Oct 21 '22 20:10 will-gant

This seems like a great poposal to me. The data is authoritative about who the active BBS VM is. There's precedent for this in the cfdot locks command (pulls data from locket to display the active BBS + Aucitoneer VMs).

Oct 21 '22 20:10 geofffranks

Wait, hold on, it feels very wrong to have a service running on the platform that a client would have to inspect which instances of the service are healthy and then target them directly.

bbs.service.cf.internal should not return instances that do not actually work, which is what it sounds like current exists.

My first thought was that bosh-dns healthiness could be used to ensure the "unhealthy" VMs aren't actually returned by bbs.service.cf.internal, and that does work great, right up until you co-locate the bbs job on a VM with other jobs, now the whole VM is unhealthy for bosh dns query purposes, which is probably bad.

Using process level healthiness does "solve" the problem with s3 queries mentioned above, because you could just switch to s0 and in the case where another job on the active bbs VM is failing, they would all be in an "unhealthy" state, and you'd basically fall back to the behavior we have now. But again, people do co-locate jobs differently than is done in cf-deployment, so until we add job level healthiness to bosh-dns-aliases, this seems like probably a bad idea.

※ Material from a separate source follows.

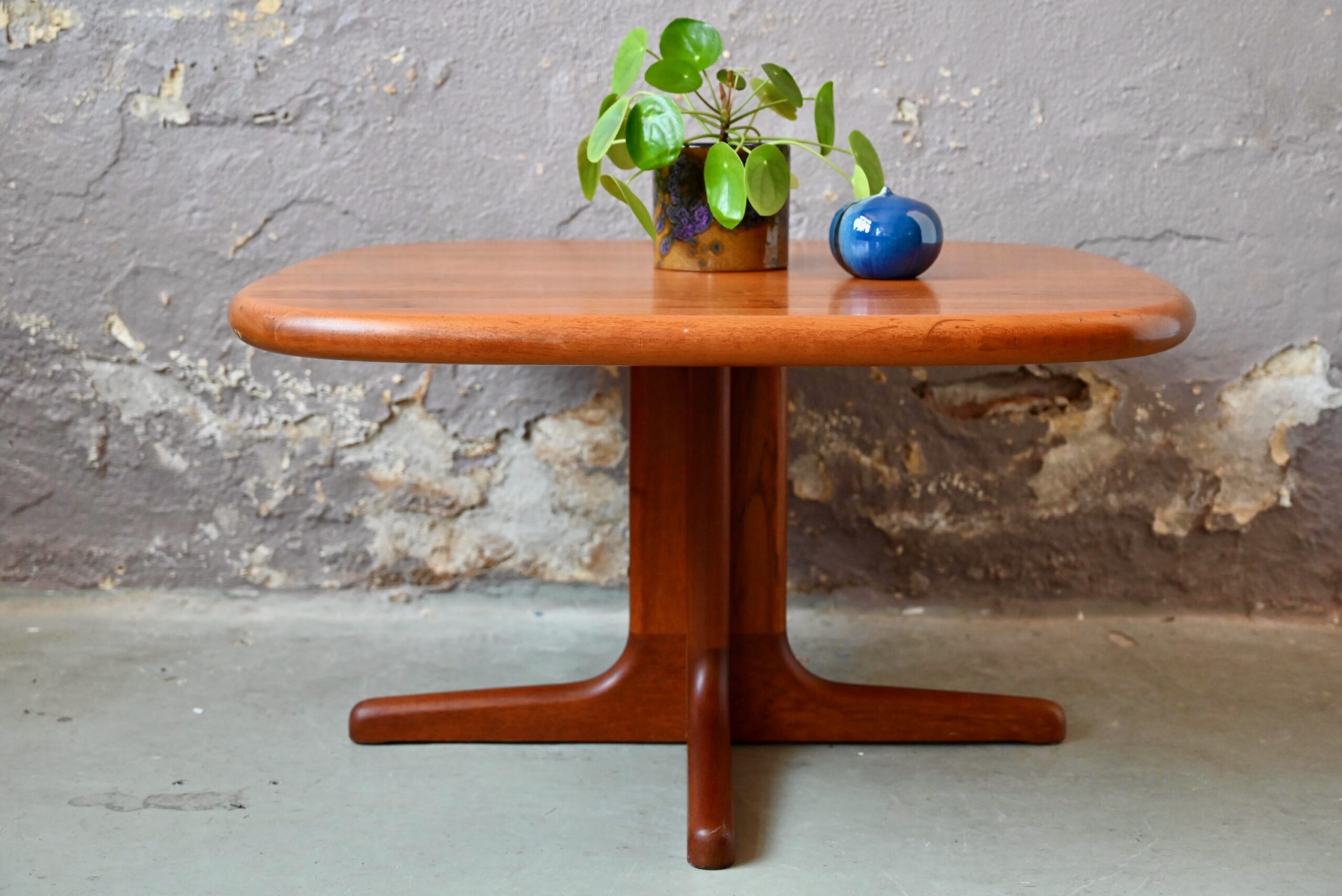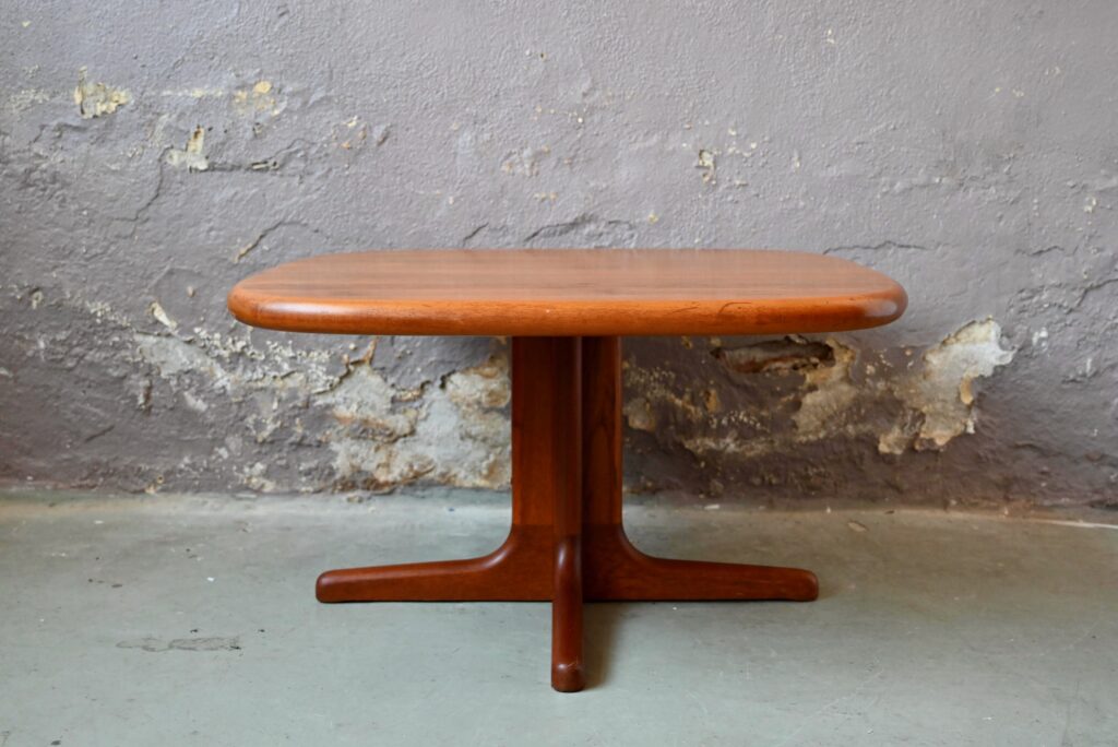 La table basse est réalisée entièrement en bois massif. Elle a été fabriquée au Danemark par le prestigieux éditeur Glostrup Møbelfabrik, un macaron de la marque est visible sur le dessous. Elle est en très bon état, quelques traces d’usage sont visibles sur ces tranches.

So the other option would be to put this healthiness logic in the bbs itself, and then when a non-active VM got a request, it could proxy it to a healthy one or maybe it could just return a 302 and the clients would follow that to the proper VM? That would mean clients don't need to do any special logic and can just query bbs.service.cf.internal.

Oct 21 '22 23:10 jpalermo

The origin of the problem is that the Ruby HTTP client that is used for talking to BBS is bad in handling unreachable (i.e. isolated from a network point of view) endpoints.

This is not a general problem; when you use cURL to retrieve data from bbs.service.cf.internal and there is an unreachable VM, the request to this VM times out very fast and the next IP address is used. So in general this is something that a client could handle.

I don't think that Diego/BBS is doing something wrong; rejecting connections on an inactive VM seems like a reasonable approach and works well - the issue we are seeing is only related to unreachable VMs.

In general I see three different possibilities to solve this:

Fix/enhance the currently used Ruby HTTP client.
Identify and use a different Ruby HTTP client that behaves more like cURL.
Use an alternative approach to identify the currently active BBS instance to circumvent issues with unreachable VMs.

We tested a monkey patch (see [1]) of the TCPSocket class which introduced a connect_timeout parameter with Ruby 3.0. Setting this to a lower value than the HTTPClient.connect_timeout (default: 10 seconds), results in a similar behavior as for a refused connection, i.e. the next IP address is tried implicitly. We didn't dare to apply this monkey patch as it would affect all TCP sockets created in Ruby and we are also not sure if a contribution to the httpclient gem would be feasible.
We did not go down this road so far.
That's the purpose of this PR. It can be seen as a workaround for the deficient Ruby HTTP client, but it prevents the issues we are seeing with unreachable VMs.

[1]

module DefaultConnectTimeout
  DEFAULT_CONNECT_TIMEOUT = 2 # seconds

  def initialize(remote_host, remote_port, local_host = nil, local_port = nil, connect_timeout: nil)
    super(remote_host, remote_port, local_host, local_port, connect_timeout: connect_timeout || DEFAULT_CONNECT_TIMEOUT)
  end
end

class TCPSocket
  prepend DefaultConnectTimeout
end

Oct 24 '22 09:10 philippthun

Thanks for those details @philippthun that does make it seem less like a Diego problem than I was saying and I'm no longer thinking the problem should be solved elsewhere.

That's unfortunate that the timeout isn't configurable in the http client, that would be an ideal solution.

Oct 24 '22 17:10 jpalermo

I think it's worth evaluating other HTTP clients to see if there is support for this before adding a workaround on our side.

Oct 26 '22 18:10 sethboyles

httpclient hasn't had a release in 6 years: https://rubygems.org/gems/httpclient

Oct 26 '22 18:10 sethboyles

Ok given the mixed reaction to this I'm going to close it and we'll take a look at alternative HTTP clients.

Oct 27 '22 07:10 will-gant

Picking this story up again. Just noting that as far as I can tell there doesn't seem to be any (maintained) ruby HTTP client that, for a domain that resolves to multiple IPs, will try the next IP in the list if the first one it tries times out.

So I think we'll just need to resolve the DNS ourselves as @mkocher suggested.

Nov 03 '22 10:11 will-gant